Exhibit 4.5
Execution Version
SECOND SUPPLEMENTAL THIRD LIEN INDENTURE
SECOND SUPPLEMENTAL THIRD LIEN INDENTURE (this “Supplemental Indenture”), dated as of January 24, 2019, among Vantage Drilling International (f/k/a Offshore Group Investment Limited), a Cayman Islands exempted company (the “Company”), Rig Finance Ltd., an exempted company limited by shares incorporated under the laws of Bermuda (the “Guaranteeing Subsidiary”), a subsidiary of the Company, the other Guarantors (as defined in the Indenture referred to herein) and U.S. Bank National Association, as Trustee and as Noteholder Collateral Agent under the Indenture referred to below (in such capacities, collectively, the“Trustee”).
W I T N E S S E T H
WHEREAS, the Company has heretofore executed and delivered to the Trustee an indenture (the “Original Indenture”), dated as of February 10, 2016, providing for the issuance of 1% / 12%Step-Up Senior Secured Third Lien Convertible Notes due 2030 (the “Notes”), as amended by the first supplemental indenture thereto, dated as of June 8, 2016 (the “FirstSupplemental Indenture,” and the Original Indenture, as amended and supplemented by the First Supplemental Indenture, the “Indenture”);
WHEREAS, the Indenture provides that under certain circumstances the Guaranteeing Subsidiary shall execute and deliver to the Trustee a supplemental indenture pursuant to which the Guaranteeing Subsidiary shall unconditionally guarantee all of the Company’s Obligations under the Notes and the Indenture on the terms and conditions set forth herein (the “Note Guarantee”); and
WHEREAS, pursuant to Section 9.01 (“Without Consent of Holders”) of the Indenture, the Trustee is authorized to execute and deliver this Supplemental Indenture.

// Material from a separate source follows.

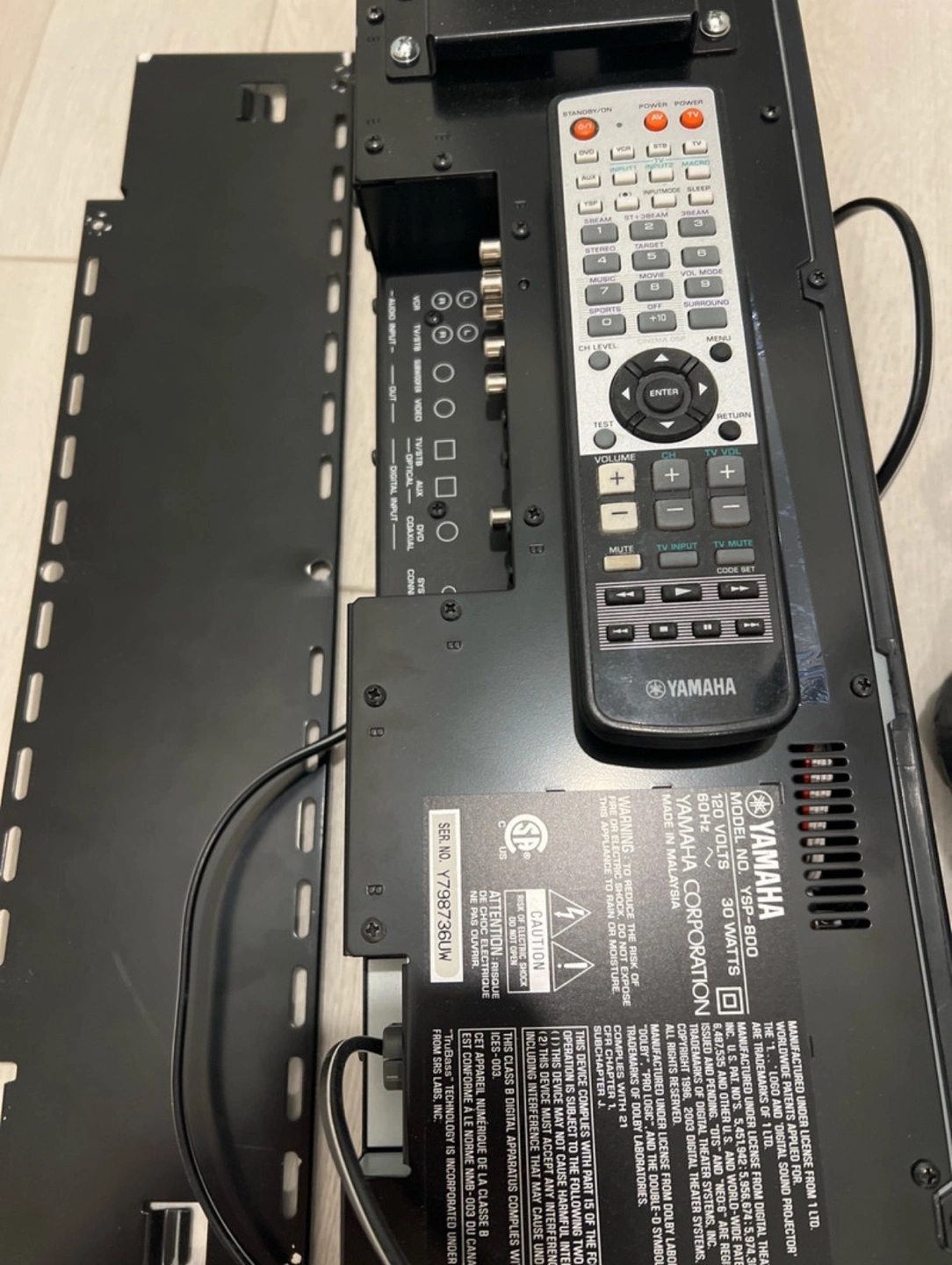 Yamaha YSP-800 digital sound projector. Includes remote and wall mount bracket. Features Dolby Pro Logic II and SRS TruBass. Excellent sound quality. Great for home theatre setups.

NOW, THEREFORE, in consideration of the foregoing and for other good and valuable consideration, the receipt of which is hereby acknowledged, the Guaranteeing Subsidiary and the Trustee mutually covenant and agree for the equal and ratable benefit of the Holders of the Notes as follows:
1. CAPITALIZED TERMS. Capitalized terms used herein without definition shall have the meanings assigned to them in the Indenture.
2. AGREEMENT TO GUARANTEE. The Guaranteeing Subsidiary hereby agrees to provide an unconditional Note Guarantee on the terms and subject to the conditions set forth in the Note Guarantee and in the Indenture including but not limited to Article 11 thereof, and subject to the limitations therein.

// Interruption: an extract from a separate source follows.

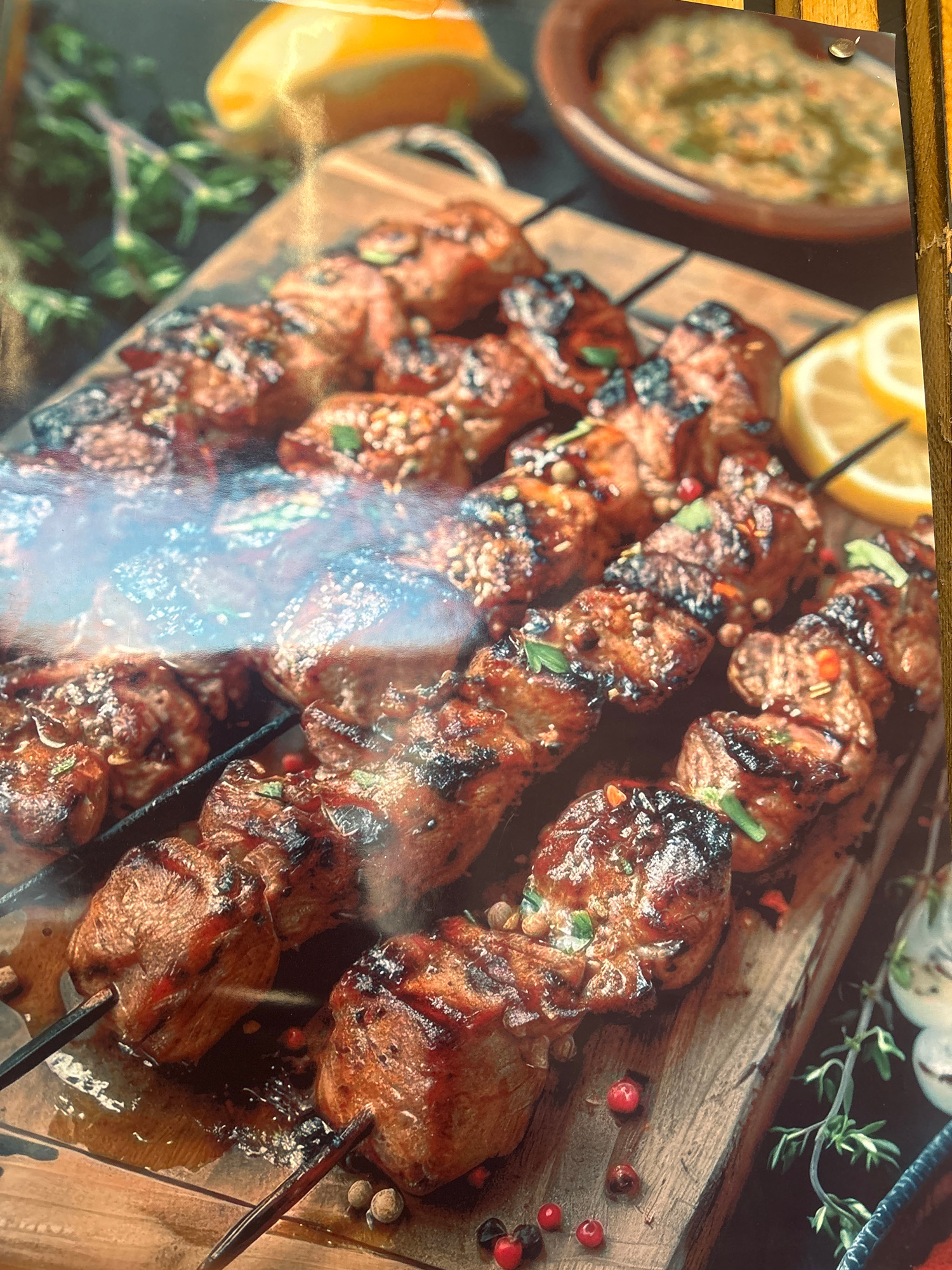 The image depicts a platter of grilled meat skewers served on a wooden board. The meat appears to be glazed and garnished with herbs and spices. Lemon wedges and a bowl of sauce are also present. A sp…read more

3. NO RECOURSE AGAINST OTHERS. No director, officer, employee, incorporator or stockholder of the Company or any Guarantor, as such, will have any liability for any obligations of the Company or the Guarantors under the Notes, the Indenture or the Note Guarantees or for any claim based on, in respect of, or by reason of, such obligations or their creation. Each Holder by accepting a Note waives and releases all such liability. The waiver and release are part of the consideration for issuance of the Notes. The waiver may not be effective to waive liabilities under the federal securities laws.